Sikki Handicrafts of Bihar

Origin: Existence of the 100 year old Sikki grass craft is a mystery. Traditionally, it used to be one of the five craft skills that would raise the bride’s demand. As these crafts were an integral element of the dowry from the girl’s side. Considered auspicious by the natives, there’s no ritual in Bihar were it’s not taken into account.  Moosahar tribe’s only festival – Sailesh puja- calls for a wide spectrum of vibrant Sikki products.  Sikki handicrafts display an epitome of rich tradition and culture of Bihar exhibiting fine craftsmanship and scintillating design.

Present Day: Craft Research Institute has played a significant role in encouraging village women to craft Sikki products commercially.  Villagers earn their bread by selling these handicrafts. The complete family is involved in daily weaving of grass to make different items.

Pauthi, woven baskets, are used to exchange wedding gifts, essential items such as boxes, toys, jewelry and murals are still crafted out of this grass. Fascinatingly, this grass is sold on a fistful basis.

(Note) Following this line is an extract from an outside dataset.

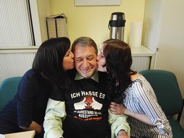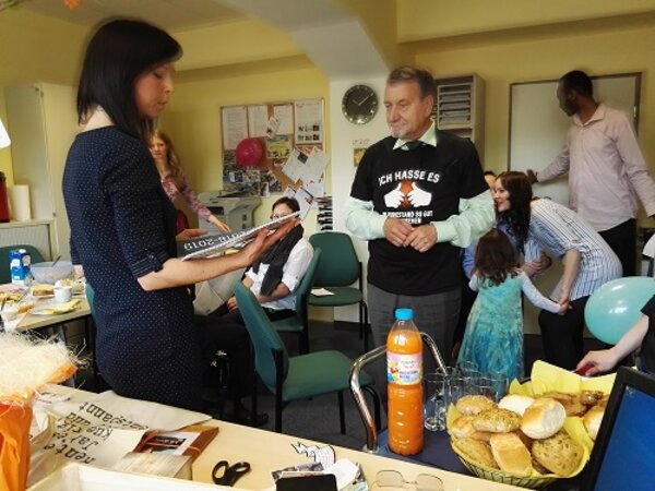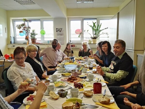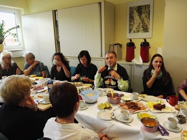 In einer gemütlichen Runde tauschten wir bei einem Frühstück Anekdoten aus dem Arbeitsleben unseres Kollegen aus und wurde beim selbstgedichteten Abschiedslied so manche Träne vergossen.

Procedure: The golden tinted grass used is a wild seasonal grass and it grows only in marshy areas or land close to water bodies. This is seasonal grass and is harvested during rainy season. There is a local tribe called ‘Amas’ that takes care of harvesting and processing.  Harvesting and processing is done once the grass reaches the adequate height. Then, the grass is cut from base and dried under the sun.

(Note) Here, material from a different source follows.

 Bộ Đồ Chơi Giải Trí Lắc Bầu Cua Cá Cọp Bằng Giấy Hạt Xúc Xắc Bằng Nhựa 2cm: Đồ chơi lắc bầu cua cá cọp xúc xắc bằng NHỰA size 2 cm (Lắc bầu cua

The other two raw materials used in manufacturing Sikki products are Munj and Kharare. Munj is comparatively cheaper and stiffer raw material. Munj is used to give structural strength to Sikki products. For Sikki products, Munj is bent to create the basic structure, and then grass is coiled around it. For colours, Sikki laces are dyed in different dyes. The Munj structure is important to create and start the Sikki product. Then there is a tool called Takua which is a long needle that helps in weaving the Sikki. Choori (knife) and Kaichi (scissors) are used to split the grass.  The craft of Sikki weaving is very traditional and has its roots tied to rituals. These Sikki handicrafts are very lightweight, organic, biodegradable and durable.

It has a huge demand overseas and is exported to over 100 nations, a few of them are U.K, Germany, Netherland, Italy, France and Gulf Countries etc.

Bring Home Sikki Handicrafts: Tourist buy these handicrafts from a lot of local shops as souvenirs and these are also sold in local fairs.